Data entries
☆ ☆ ☆
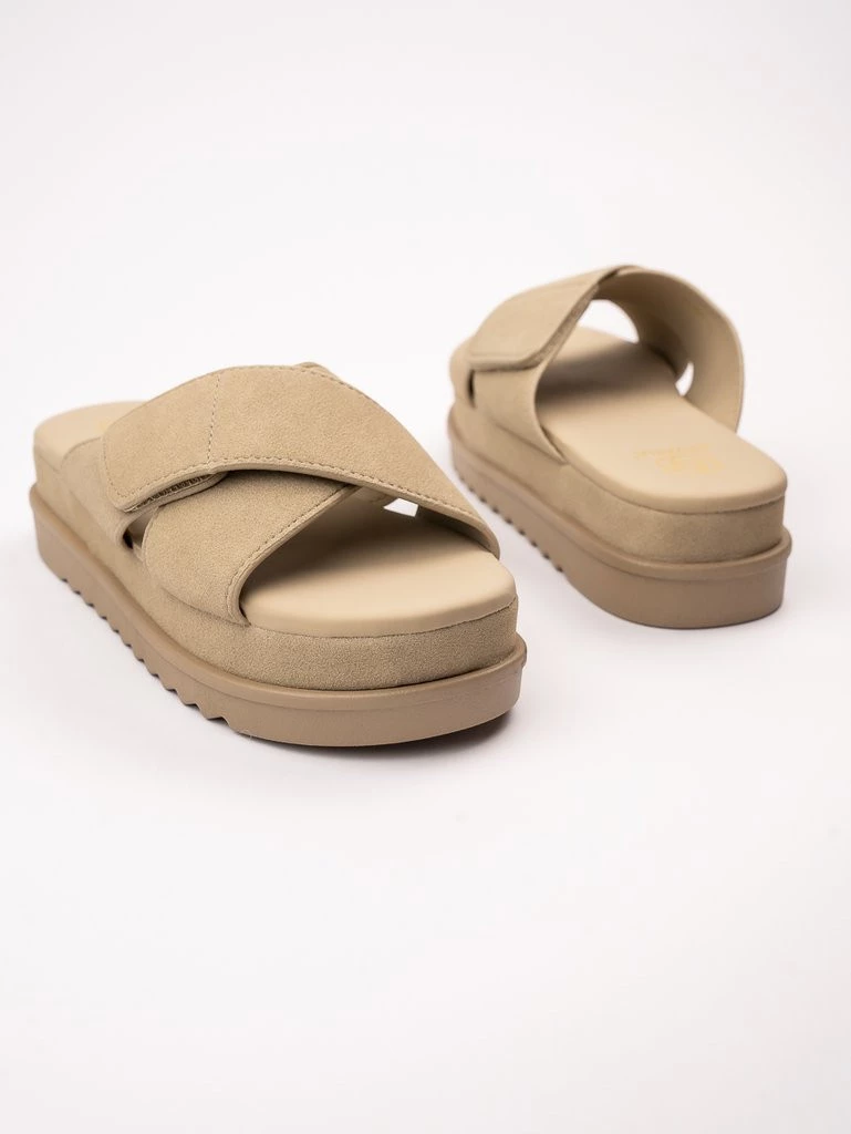 Klapki na koturnie z szerokim paskiem w kolorze Khaki
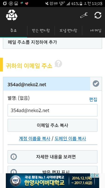 들어가면 이렇게 이메일 주소가 떠
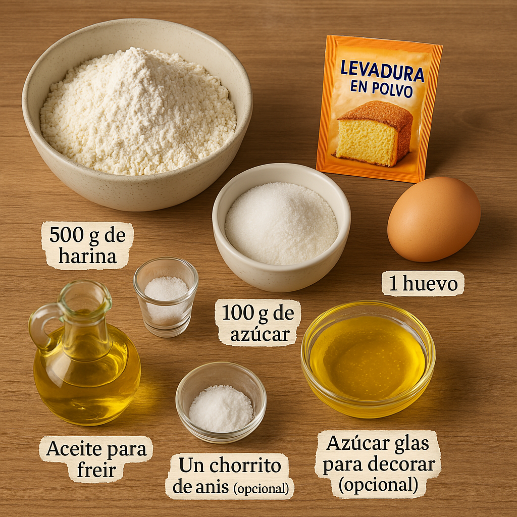 Si quieres hacer rosquillas listas y tontas, solo necesitas unos pocos ingredientes que probablemente ya tienes en casa. Aquí te dejamos la lista:
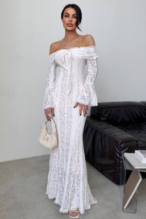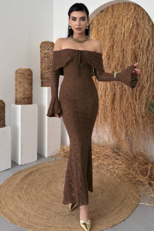 Αναδείξτε το ρομαντικό και boho στυλ σας με αυτό το υπέροχο μάξι φόρεμα. Το φόρεμα διαθέτει ένα κομψό off-shoulder σχέδιο που τονίζει τους ώμους και το ντεκολτέ, ενώ η περίτεχνη δαντέλα προσδίδει μια θηλυκή και vintage πινελιά. Τα αέρινα μανίκια καμπάνα προσθέτουν κίνηση και μια παιχνιδιάρικη διάθεση. Η μάξι γραμμή του και η ρευστότητα του υφάσματος εξασφαλίζουν άνεση και κομψότητα. Είναι η τέλεια επιλογή για καλοκαιρινές εκδηλώσεις, γάμους, βαπτίσεις, ή άλλες κομψές casual εμφανίσεις.
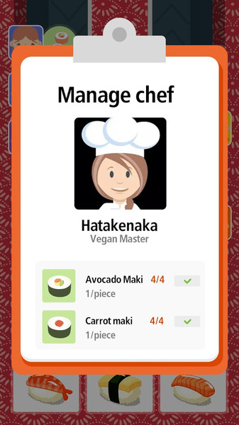 2、 多样化的寿司制作:寿司大亨中文版游戏中拥有丰富的寿司种类和口味调配,玩家可以根据顾客的喜好制作不同的寿司,增加销售额和顾客满意度。
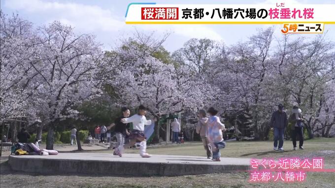 今週満開を迎えた京都の桜。京都府八幡市にあるさくら近隣公園でも約250本の桜が見ごろを迎えています。目玉の枝垂れ桜は、親子連れでにぎわう公園を抜け、奥に進んだ先のひっそりとした場所にあります。
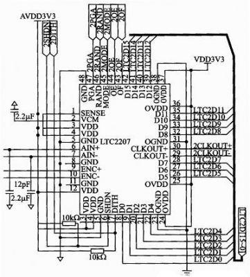 LTC2207是16位A/D转换器,它的采样速率为105Msps.LTC2207是针对输入频率为700 MHz的高频、宽动态范围信号进行数字化处理而设计的。它可以利用PGA前端(输入范围为1.5Vp-p或2.25Vp-p)对该ADC的输入范围进行优化。
☆ ☆ ☆
Task brief :: Starting at the line containing "2、 多样化的寿司制作:寿司" and finishing at the line containing "今週満開を迎えた京都の桜。京", return those lines exactly as they appear above, without the pictures.

Problem solution ::
 2、 多样化的寿司制作:寿司大亨中文版游戏中拥有丰富的寿司种类和口味调配,玩家可以根据顾客的喜好制作不同的寿司,增加销售额和顾客满意度。
 今週満開を迎えた京都の桜。京都府八幡市にあるさくら近隣公園でも約250本の桜が見ごろを迎えています。目玉の枝垂れ桜は、親子連れでにぎわう公園を抜け、奥に進んだ先のひっそりとした場所にあります。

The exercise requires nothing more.